Original link:http://tecdat.cn/?p=23151 

This example shows how to classify textual data using a deep learning long short memory (LSTM) network.

Textual data is sequential. A text is a sequence of words that may have dependencies on each other. To learn and use long-term dependencies to classify sequence data, LSTM neural networks can be used. LSTM network is a recursive neural network (RNN), which can learn the long-term dependence between the time order of sequence data.

To enter text into the LSTM network, you first convert the text data into a sequence of numbers. You can do this using word encoding, which maps the file to a sequence of numeric exponents. For better results, a word embedding layer can also be added to the network. Lexical embedding maps terms to numeric vectors rather than scalar indexes. These embeddings uncover the semantic details of the words, so that words with similar meanings have similar vectors. They also use vector arithmetic to simulate the relationships between words. For example, the relationship “Rome is to Italy what Paris is to France” is described by the equation Italy-Rome + Paris = France.

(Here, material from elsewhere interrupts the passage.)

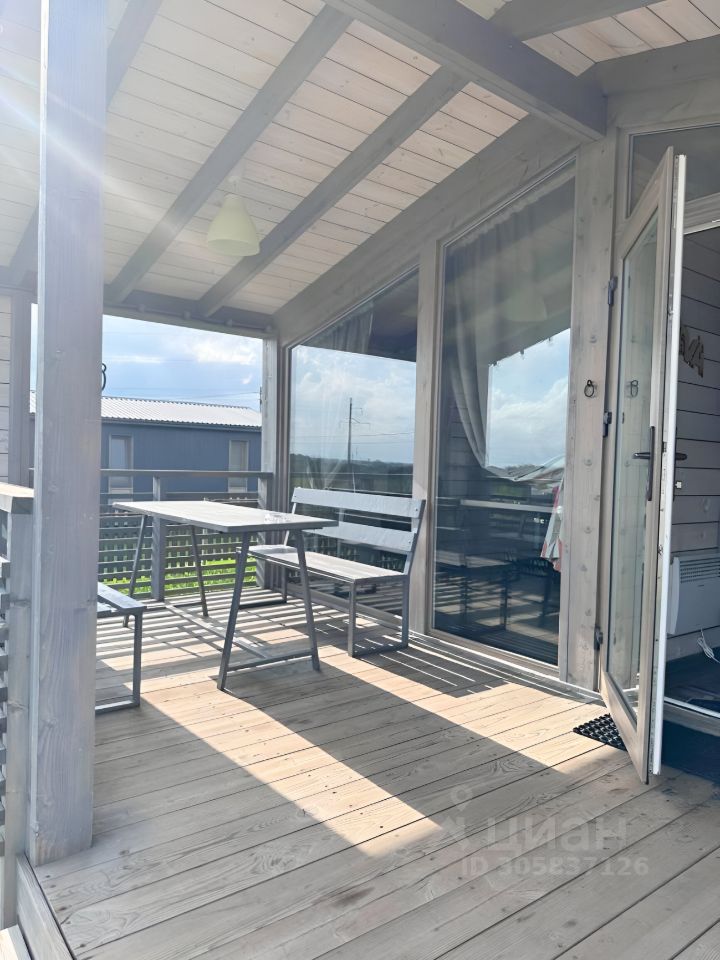 В доме кухня-гостиная с двуспальным диваном (размер 140*200) + 2 раздельные спальни с двуспальными кроватями (размер 140*200).

In this example, there are four steps to training and using the LSTM network.

  • Import and pre-process data.
  • Converts words to a sequence of numbers using word encoding.
  • Create and train an LSTM network with word embedding layer.
  • The trained LSTM network was used to classify the new text data.

Import data

Import factory report data. This data contains a tagged text description of the factory event. To import text data as a string, specify the text type as “string”.


The purpose of this example is to categorize events by the label in the category bar. To classify the data into categories, convert these labels to categorical.

Category = categorical(Category);

Use histograms to see the distribution of categories in your data.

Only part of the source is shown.